On Wednesday, Khan released a remarkable statement by NFL standards (standards which, we grant, are so low as to be subterranean), calling Meyer’s behavior “inexcusable” and saying he “must regain our trust and respect.” After that, Meyer stood behind a lectern with his arms folded over his chest, the body language of someone who is not at all accustomed to being held to task for his decisions.

NFL players are not college players; the NFL is not the NCAA. In college, if Meyer couldn’t get a player to play by his rules, he could threaten to recruit someone who will. In college, if Meyer wanted to abandon his team after a road game, the administration and boosters would let it slide because in that twisted world winning football games is placed above everything else. In college, Meyer could harbor a serial abuser on his coaching staff for years, but it’s not so easy to hire a racist bully in the NFL.
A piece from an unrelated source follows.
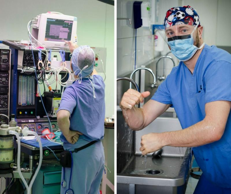 Andy Escalona (Respiratory Therapist) prepares the monitors while Dr.Scott Westberg (resident in Orthopaedics) and the others scrub in.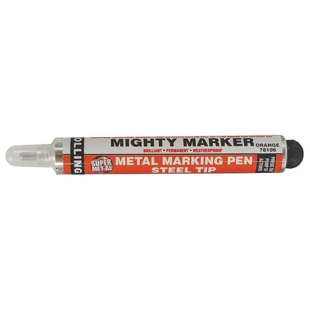 | Feature | <b>Price For:</b> Each <b>Features</b>: Writes through Oil, Grease, and Underwater. Writes on all surfaces. 25-30 minute Dry Time. Pressure Bulb controls paint flow. <b>Standards</b>: OSHA, ASTM D-4236 <b>Item</b>: Rolling Ball Pump Action Oil-Based Paint Marker with Stainless Steel Tip <b>Tip Size</b>: Medium <b>Color</b>: Orange <b>Country of Origin (subject to change)</b>: United States |

Please don’t misinterpret any of this as some kind of celebration of the ethical standards in the NFL because it certainly isn’t. If Meyer hadn’t been caught on video last weekend or he’d led the Jaguars to even one win to this point, all of this backlash might not be happening. If at some other point in his career he actually faced consequences, Meyer may have been humbled enough so as not to behave with such arrogance now.

There is only one cardinal sin in the NFL, or so they say: being a distraction. The only one in Jacksonville right now is the head coach.